1. They want what you can't deliver well

Customers often ask us to provide products or services that are outside our "sweet spot". It may be tempting to try our best to give them what they want, but this can be a recipe for future failure. Instead, consider a few alternatives:

  • Re-frame the customer's request to see if you have something you can offer that will meet their needs.
  • Refer your customer to someone who can do the job and do it well.
  • Provide your customer with resources that will allow them to find a solution.

2. You can't serve them profitably

Unless you are running a charity, you need to make a profit to stay in business. Here are a few suggestions to make customers more profitable:

  • Fix problems. If your service is poor or you've subjected your customer to problems, you should fix those first.

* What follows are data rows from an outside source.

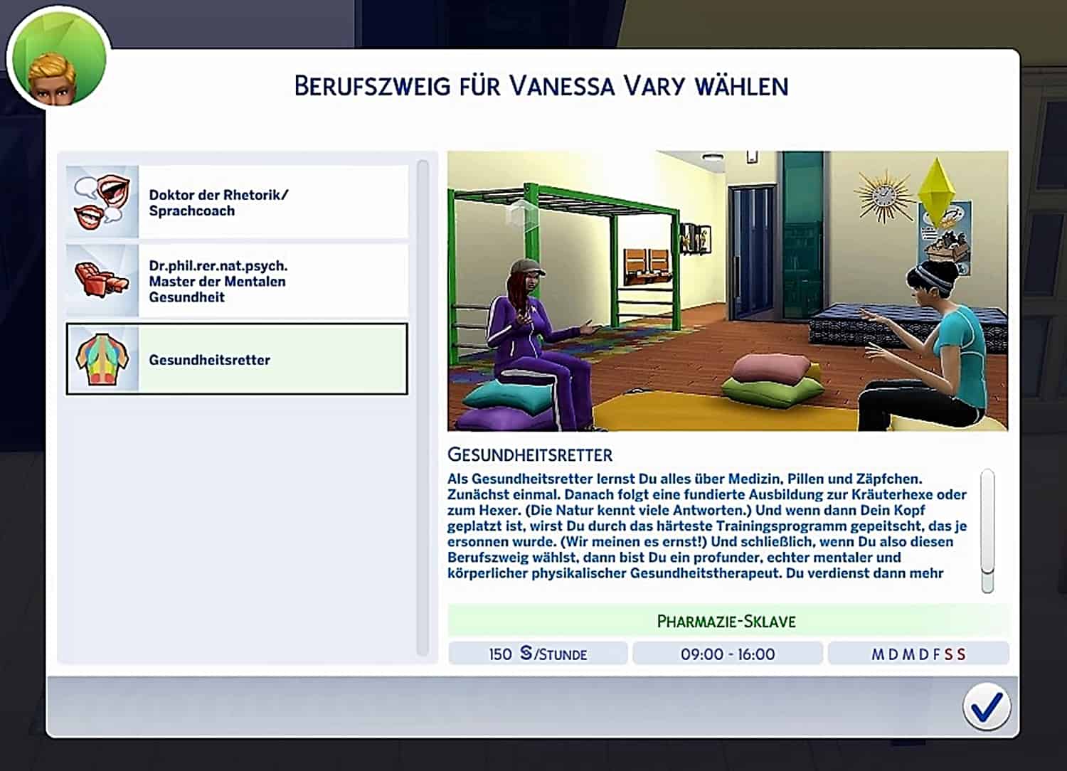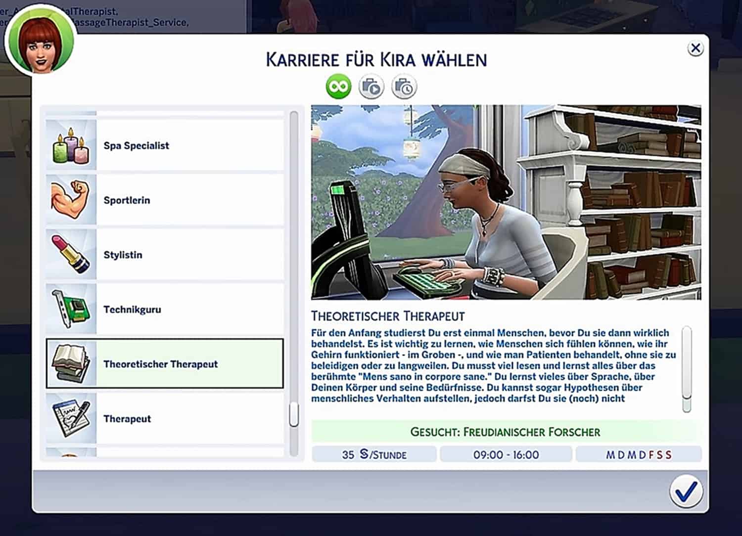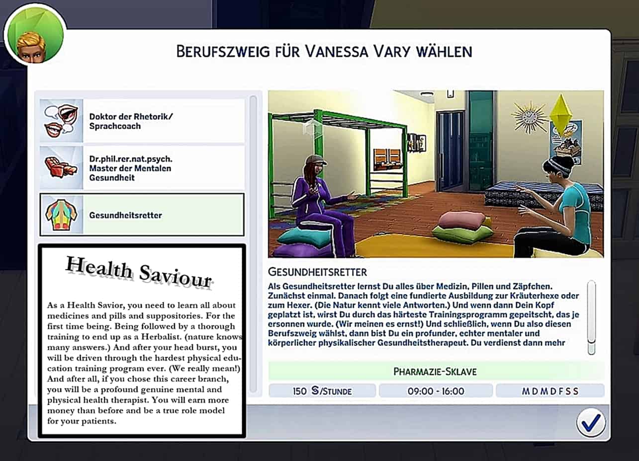“The Education to the Master of Mental Health (Dr.phil.rer.nat.psych.) was voted the most difficult but lucrative education of all time by Sim City Magazine in January 2018. There is almost nothing you can not learn there. And in the end, your neighbour with his sports car will be jealous on your yacht. You could work at universities or for an older millionaire. In short, you are very close to God. And yet, because you have been educated to empathy and wisdom, you remain humble and spend most of your reward. Not true? You just do not leave your armchair any more. Only if you want.”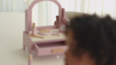 Get your best accessories ready and take a seat in front of the mirror. This gorgeous wooden dressing table features a rotating mirror and comes with six stylish beauty products, such as a hairbrush, lipstick, and perfume. Perfect for little beauty lovers who enjoy dressing up and pampering themselves. Let the imagination flow.
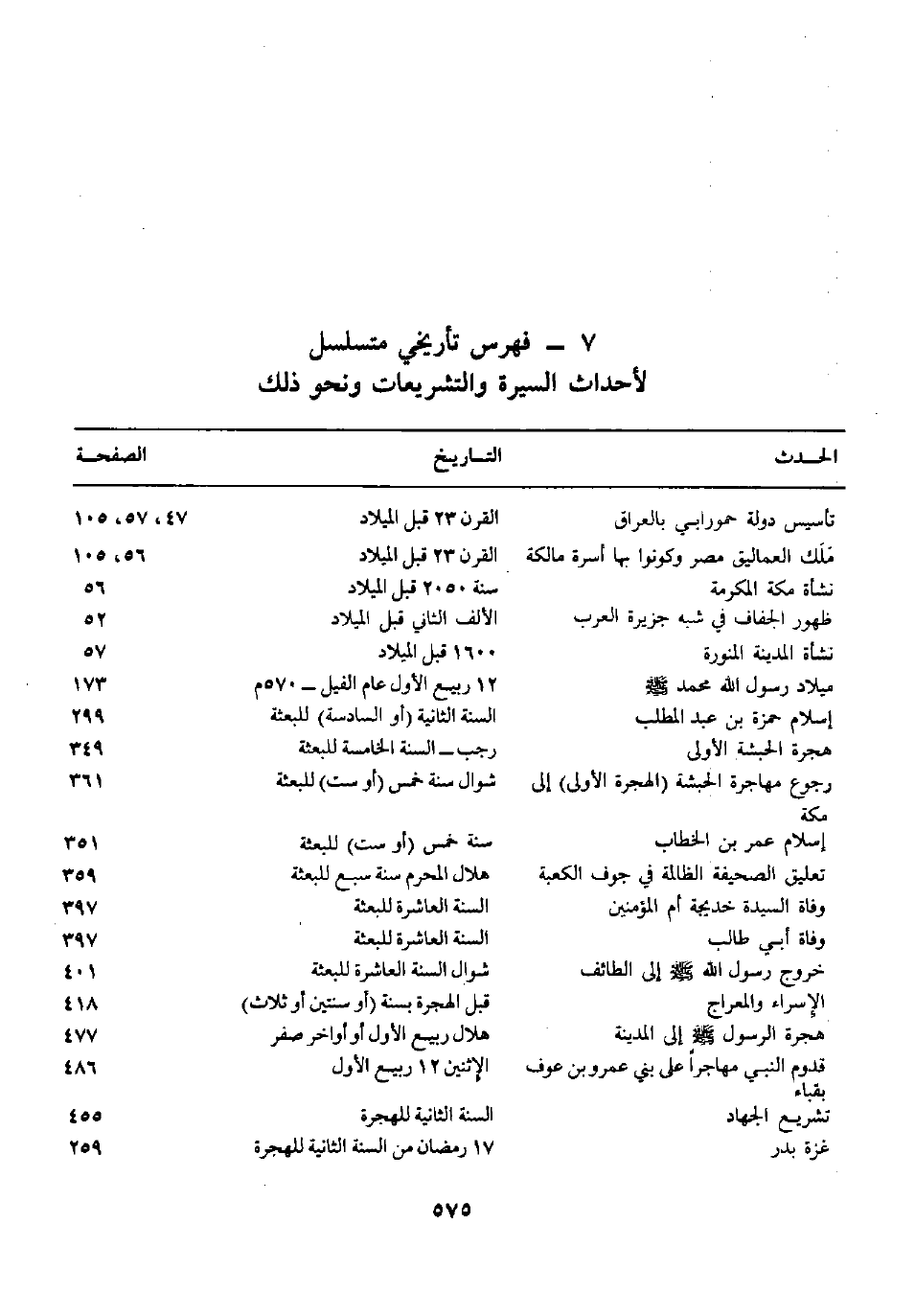 7- فهرس تأريخي متسلسل لأحداث السيرة والتشريعات ونحو ذلك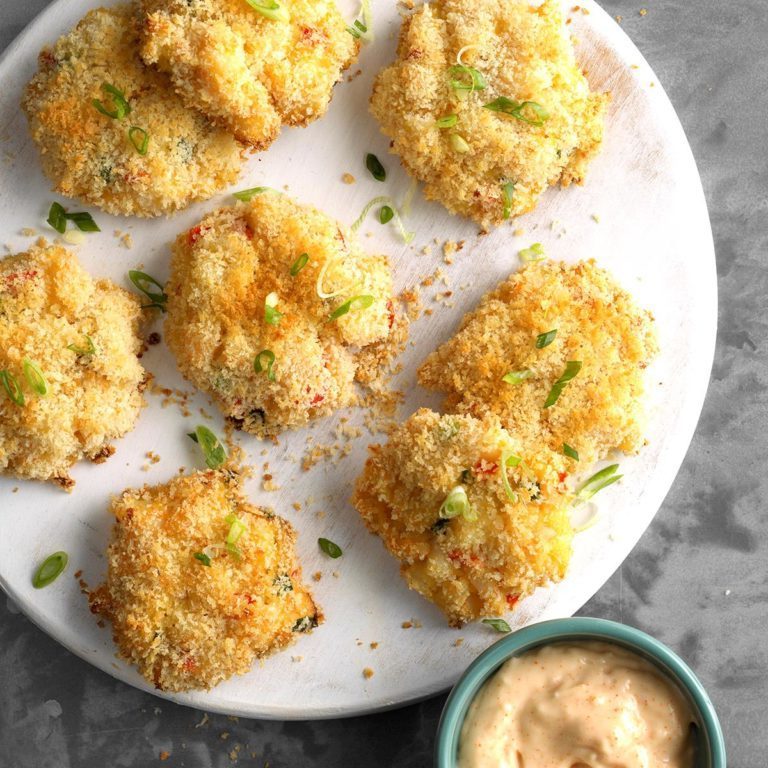 Voor garnalenkoekjes, combineer de volgende acht ingrediënten; voeg een kop toe met een inhoud van 130 ml die broodkruimels bevat. Voeg garnalen toe. Vorm met 60 liter in vijftien centimeter dikke pasteitjes. Schik in een enkele laag, dek af en laat afkoelen 2 uur.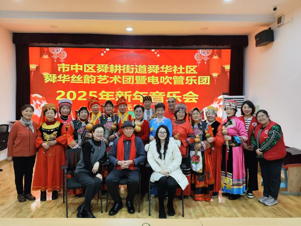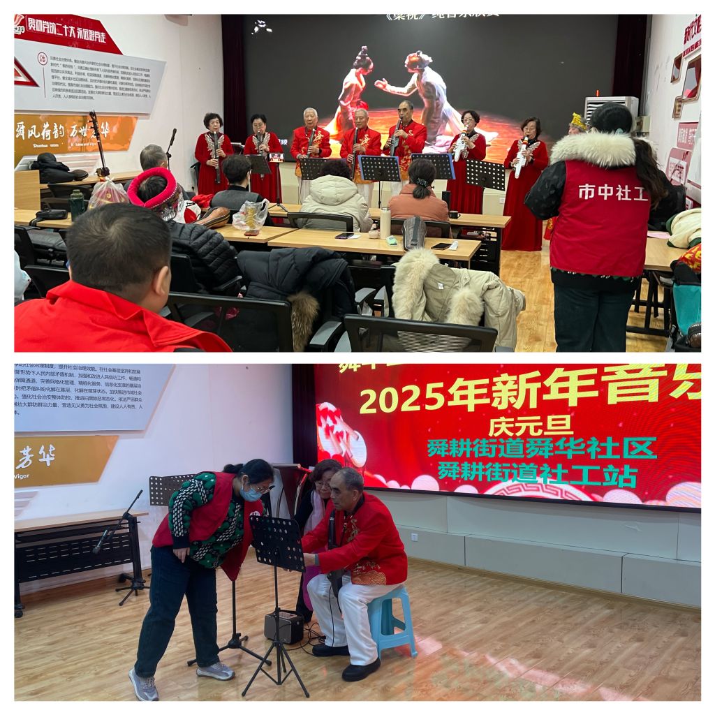12月31日,在2025年元旦佳节即将来临之际,舜华社区携手舜耕街道社工站及舜华丝韵艺术乐团暨电吹管乐团,在舜华社区新时代文明实践站共同开展了《丝韵流转乐享新声——2025年“庆元旦”新年音乐会》。此次音乐会旨在迎接新年的到来,展现社区居民的文化风采,促进社区和谐氛围,同时为晚年生活增添色彩与欢乐。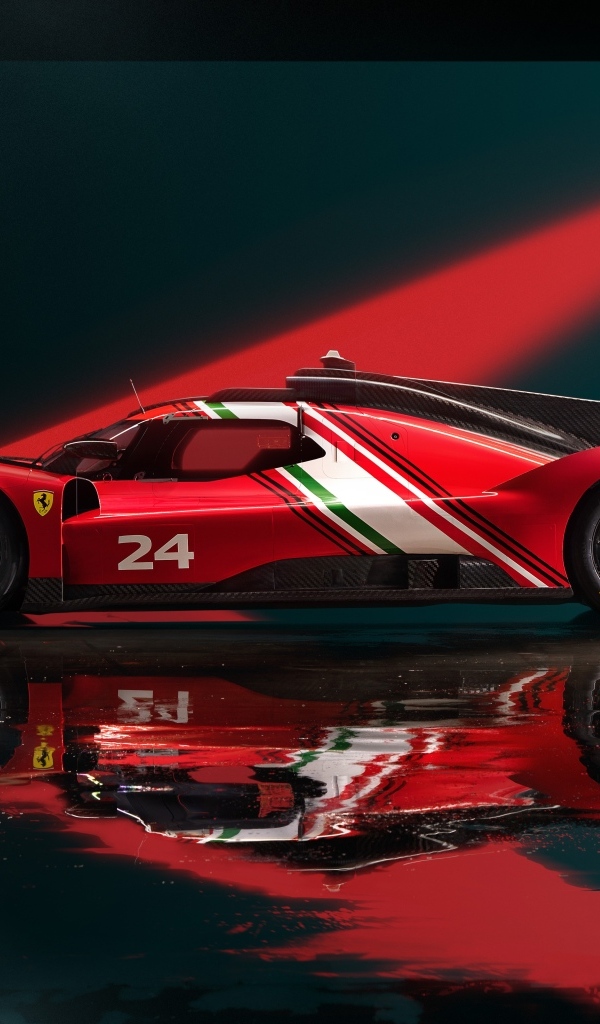 Вид сбоку на автомобиль Ferrari 499P Modificata Обои для рабочего стола 600x1024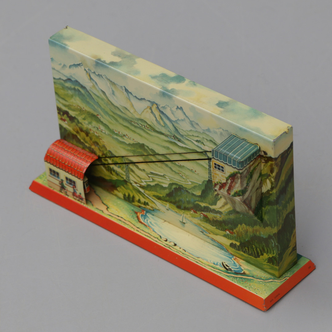 3261084. MECHANICAL TOY, cable car, sheet metal.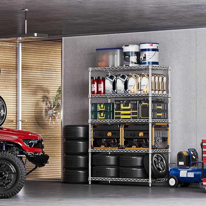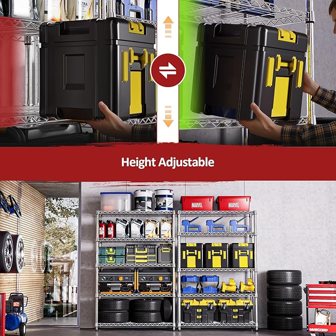 - 【Adjustable Shelves – Flexible for All Needs】Customize your storage your way. Each shelf can be easily adjusted in 1-inch increments to fit items of varying sizes—from bulky tools to compact kitchenware. This wire shelving unit adapts to your unique storage needs, creating a more organized and efficient space.

Getting it right the first time is almost always cheaper in the long run.
  • Hold late-payers accountable. Customers that habitually pay late (or cause other damages) should held accountable through late fees or a discontinuation of service until their account is current.
  • Renegotiate. Consider renegotiating your price or terms of service if your margins are too thin.

3. They are abusive

Politely, but firmly let your customer know that abuse will not be tolerated. The revenue you receive from an abusive customer is rarely worth the stress it causes employees and the high cost of servicing these customers.